My first thinking was along the lines of what Stack's suggested above:
Go to read-only, flush, then copy the files. As I understand it, I
could go back to allowing writes as soon as the memcache flush
begins. The subsequent writes would just go to memory....

Then I realized that once we have proper appending to the
write-ahead-log (HLog), then I can simply copy that log over rather
than doing the memcahe flush.

So I was thinking it would work roughly like this: (I use the term
message generically here. Originally I was thinking this could all be
orchestrated by passing around HMsgs with the normal mechanism, but
now I think it would be better to do it with explicit RPC calls to
speed things up.)

  • Master sends RegionServers a BeginSnapshot message
  • RegionServers recieve BeginSnapshot and put thier regions into
    read-only mode, and prevent flushes/compactions/splits.
  • Commit-pending transactions (EG, transactions which we have voted to
    commit, but not committed yet) for a region are allowed to
    finish. This is needed to ensure atomicity. The time that
    transactions are commit-pending should be very small.
  • After all commit-pending transactions have completed, the Region
    move the write ahead logger to a new file. The old one(s) will be
    copied in the snapshot. When all regions in a RegionServer are
    ready, it sends a CopyOk message to the Master. This means that our
    hdfs files are ready to be copied.
  • After all RegionServers have sent the CopyOk message, the
    Master sends a WritesOk message to all regionServers, and begins the HDFS copy.
  • When Regions get the WritesOK message, they can allow writes to the
    memcache and new WAL. (If they need to spill to disk then we have to handle that
    specially. Either abort the snapshot, or spill to something that
    won't be included in the snapshot)
  • After the hdfs copy is done, then the Master sends a
    SnapshotComplete message. This tells the RegionServers that they can
    start spilling to disk again.

So how does this sound? It seems I can avoid the memcache flush if I
really trust my WAL. And it seems I should be able to keep the
read-only time fairly low. Any problems I'm not seeing?
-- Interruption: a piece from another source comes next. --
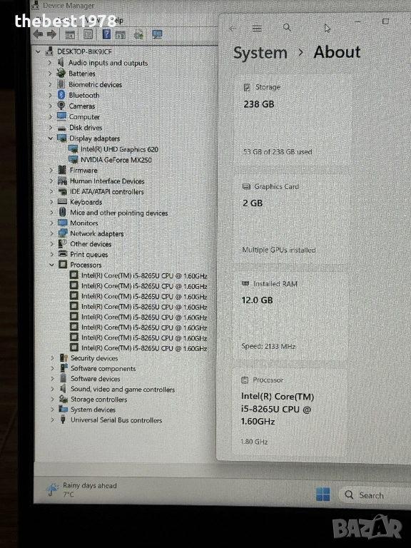 Видео картите са две-вградена Intel UHD 620 и дискретна NVIDIA GeForce MX250 (2GB GDDR5)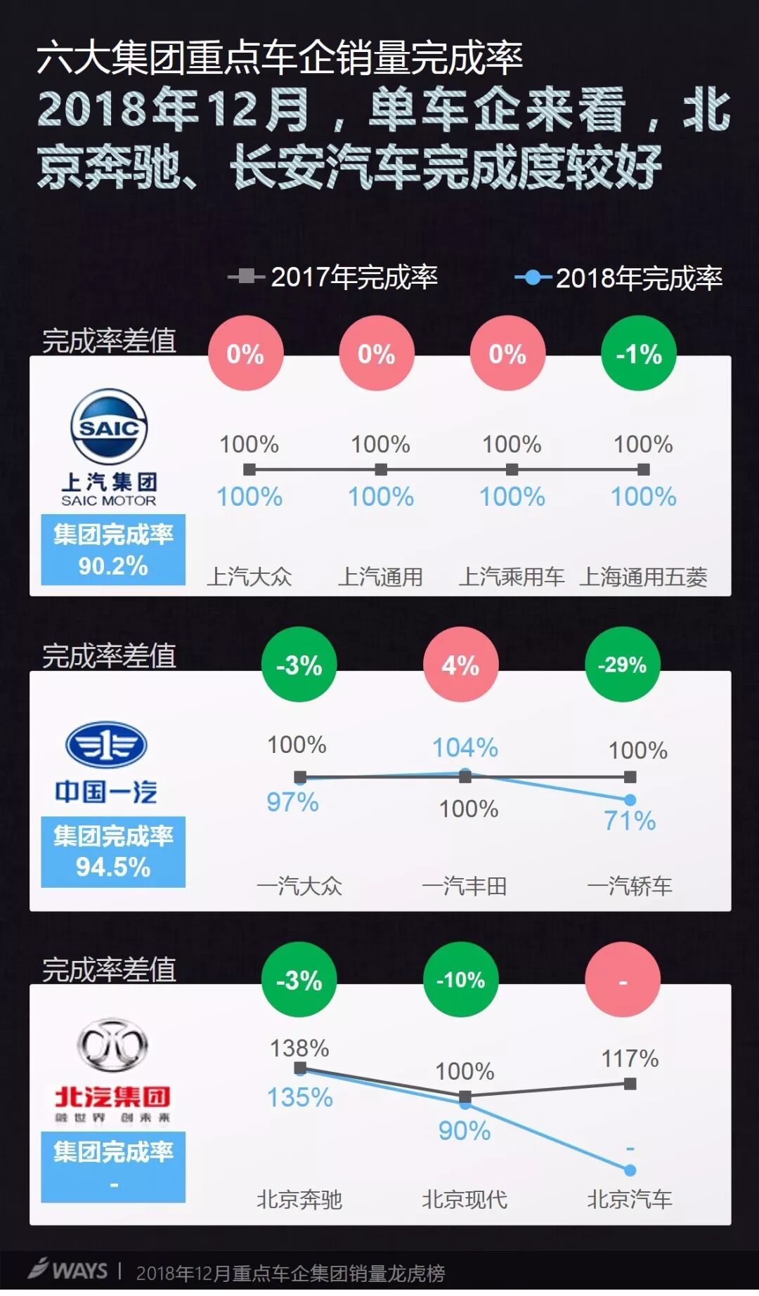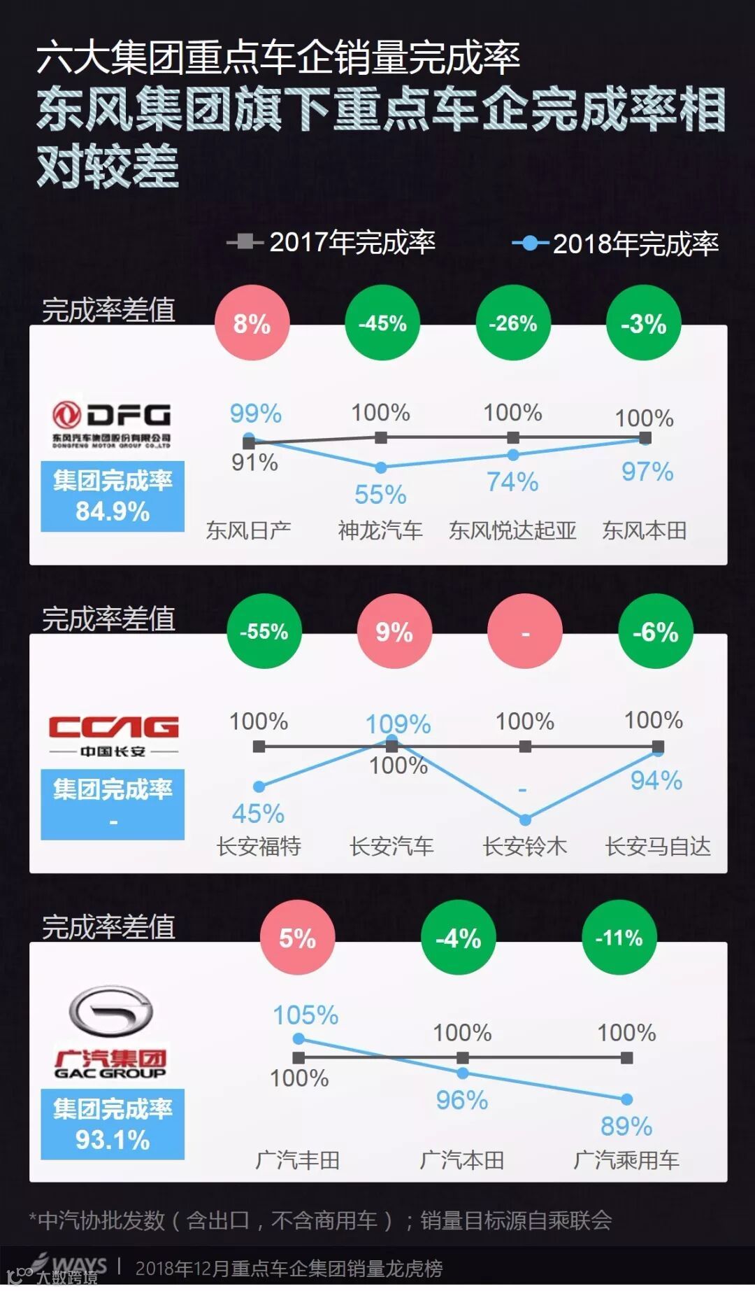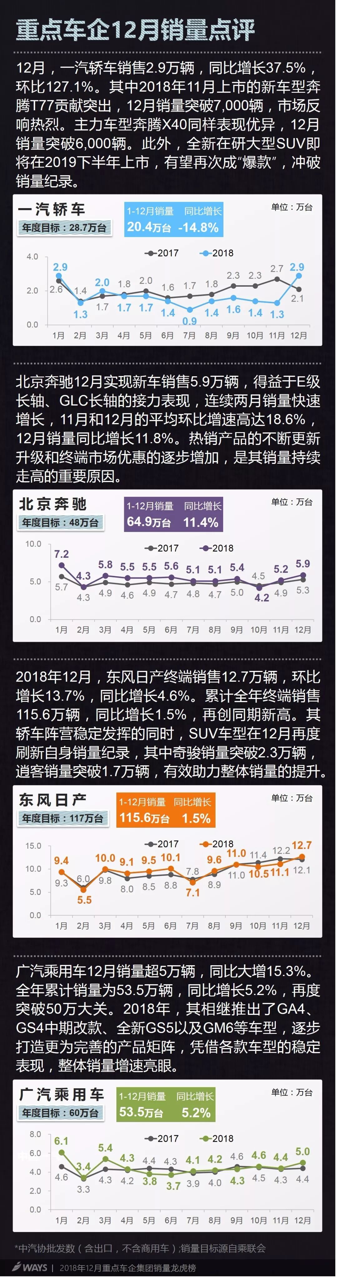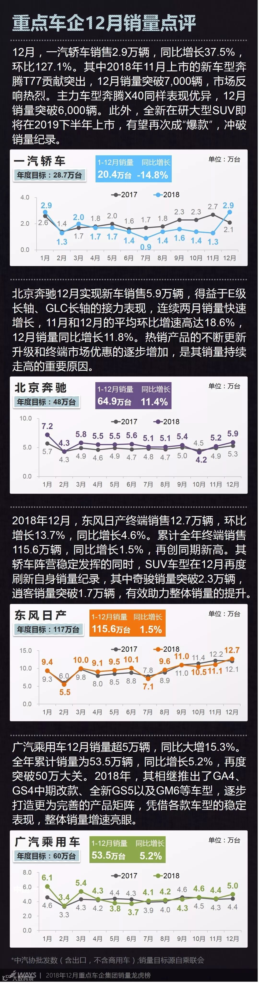 2018年车市整体遇冷, 12月上汽集团、东风集团、北汽集团、广汽集团销量同比下滑;长安集团受长安福特影响,同比大幅下滑;而一汽集团凭借一汽大众良好表现带动,销量增速与份额增长幅度均处于领先水平。

Billy Pearson added a comment - 03/Oct/08 08:36 PM
I foresee problems with running compactions might have to get a compaction lock on all the regions before starting all of the above.

Alex Newman added a comment - 17/Nov/09 05:07 AM
Say you flushed the logs and then ran a compaction and waited for the cluster to chill out. Unless you had extremely high churn rates I would suggest: A mapreduce with a region per task which fails and retries in case of flushes or compactions. In the case of a split you can fail the job, disable splitting, or have some way of getting the children later.

Even though you would have kindof data throughout a time period, you would at least have a timestamp of when that backup was made. I.E. consistency on a region level which is all a lot of us really want.